I am walking through town in the remote and charming mountain region in Vietnam, looking for the market. A young woman helps us out. She walks part of the way to the market, and we have a conversation on what brings us there, and what she does for a living. She works in the kitchen in one of the hotels. Her mother is in charge of the kitchen. She is off to buy groceries. What will be her future? In any major city of Vietnam, a bright woman like her with this level of English fluency would be expected to study. Here, I expect her to work at the hotel for most of her life and move up the hierarchy until she fills the place of her mother.

Tourism is a global phenomenon, an important economic sector, and it shapes how people promote their own national identity. Most articles on the economic effects of tourism look into the income it generates or the investment it brings to a region, the destruction and environmental damage that it causes, whether income from tourism is sufficiently returned to communities where tourism is landing, and the effects of tourism on public life and identity politics.
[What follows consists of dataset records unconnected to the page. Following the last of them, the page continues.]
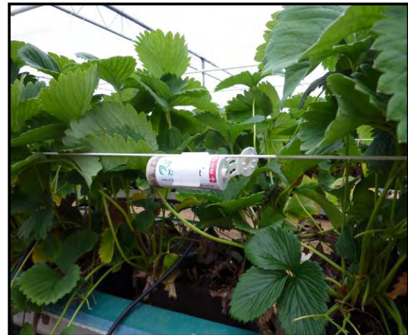
4.) Ausbringung 1 Röhrchen auf jeweils 200 m 2 Anbaufläche. Achtung: Vermeidung von direkter Sonne und Kondensations-Tropfstellen.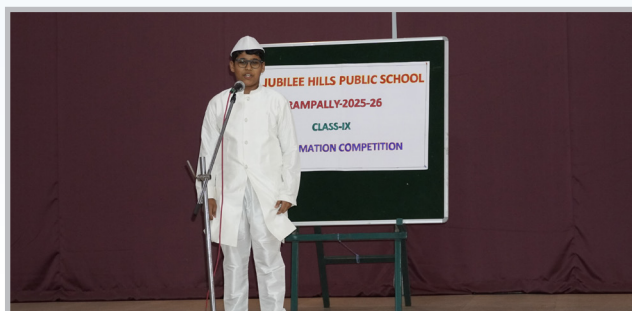
Words that Wowed!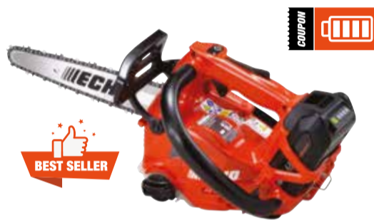
DCS-2500T Motosega a batteria

Tensione max (V): 56 Lunghezza barra (pollici): 8 Peso a secco (Kg): 1.6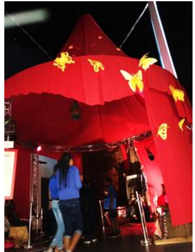
Entrée de la Tente de Melquiades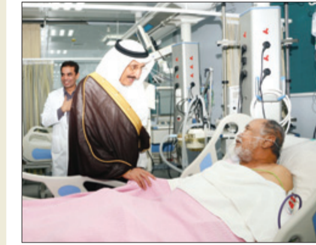
.. ويؤبر المرضى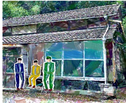
縁側利用時のイメージ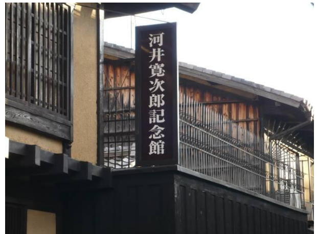
平成20年度 河井寛次郎記念館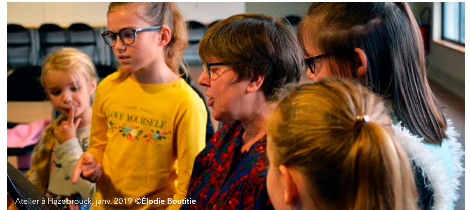
Atelier à Hazebrouck, janv. 2019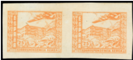
1898 60 €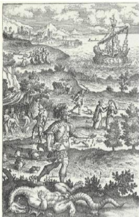
SLIKA 3. Matthäeus Merian, Naslovnica. Knjige III. Metamorfoza , 1619., bakropis, detalj. Preuzeto iz: Stachel, Eva. Johann Wilhelm Baur – Seine Illustrationsserie zu den Metamorphosen des Ovid, Universität Wien: diplomski rad, 2013., str. 111.

Usporedbom naslovnice treće knjige Metamorfoza Matthäusa Meriana (SL. 3) s naslovnicom Giacoma Franca (SL. 4) prema kojoj je nastala, primjećuju se razlike u detaljima. Najviše se primijeti različita izvedba neba, odnosno oblaka, koji su kod Franca punašni i zgusnuti u sredini, dok su kod Meriana raštrkaniji te istaknuti paralelnim linijama neba. Iako je kompozicija jednaka, različitosti se vide na obradi tekstura i detalja grafike.

This article focuses on the income that will not be generated when there is a priority for economic development in the tourism sector because tourism crowds out other options.  A region’s dependency on tourism inhibits development in other sectors—sectors with more productivity and development potential.  

The Belgian coast. Source: Flickr
The Belgian coast. Source: Flickr

Single-use infrastructure

The first highway in Belgium was finished in 1956 and ran from Brussels, the capital, to Ostend, the place of the Royal Holiday Home on the coast. The highway was constructed to facilitate the summer holiday migration from the cities to the coast, as well as the flows of international tourism embarking to London from the port of Ostend. Developers constructed a wall of high rise apartment blocks along the coast destroying the dunes and wildlife. These investments did not lead to a more diversified economy and the coastline stayed a backwater, even with all this building and tourism. Still in 1980, the region needed special European funding for its development, notwithstanding its prime location between important ports in Belgium and France.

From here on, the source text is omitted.